** Task description **
For the entries that follow, say how many lines hold the string "University", with nothing else in the reply.

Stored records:

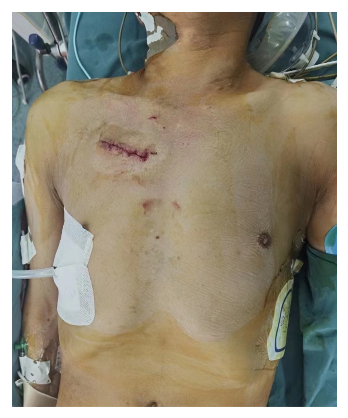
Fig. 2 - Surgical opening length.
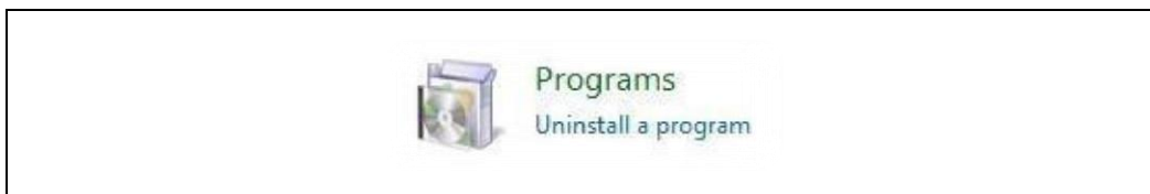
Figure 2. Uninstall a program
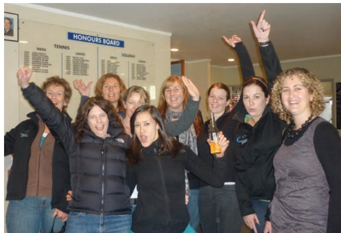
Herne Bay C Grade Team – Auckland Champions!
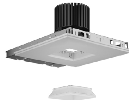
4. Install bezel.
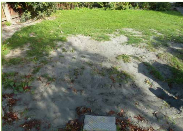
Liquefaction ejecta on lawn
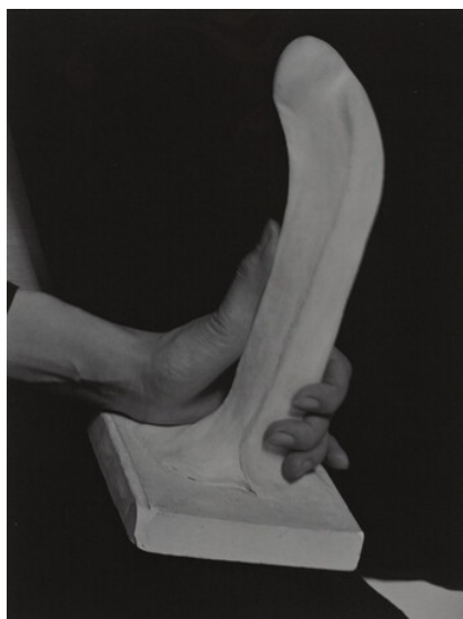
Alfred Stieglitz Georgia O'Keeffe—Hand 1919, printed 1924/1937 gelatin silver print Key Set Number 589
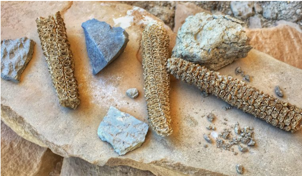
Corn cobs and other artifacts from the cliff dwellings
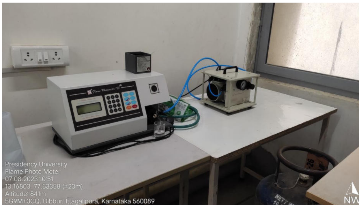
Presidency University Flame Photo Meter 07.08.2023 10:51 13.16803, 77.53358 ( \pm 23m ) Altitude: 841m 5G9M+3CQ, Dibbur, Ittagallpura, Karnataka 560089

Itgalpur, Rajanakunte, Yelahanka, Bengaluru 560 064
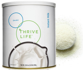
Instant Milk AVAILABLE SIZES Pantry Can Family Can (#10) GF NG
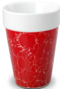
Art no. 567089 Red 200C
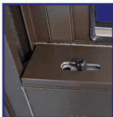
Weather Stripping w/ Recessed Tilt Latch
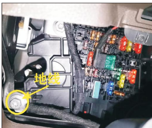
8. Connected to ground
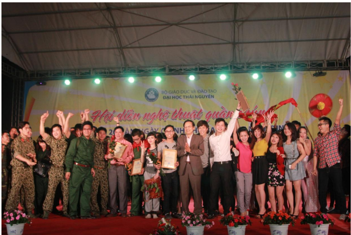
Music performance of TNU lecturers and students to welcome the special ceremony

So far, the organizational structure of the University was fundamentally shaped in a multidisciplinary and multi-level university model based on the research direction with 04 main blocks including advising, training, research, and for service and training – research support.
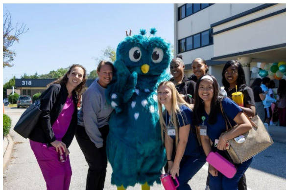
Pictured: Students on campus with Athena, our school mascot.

** Answer **
2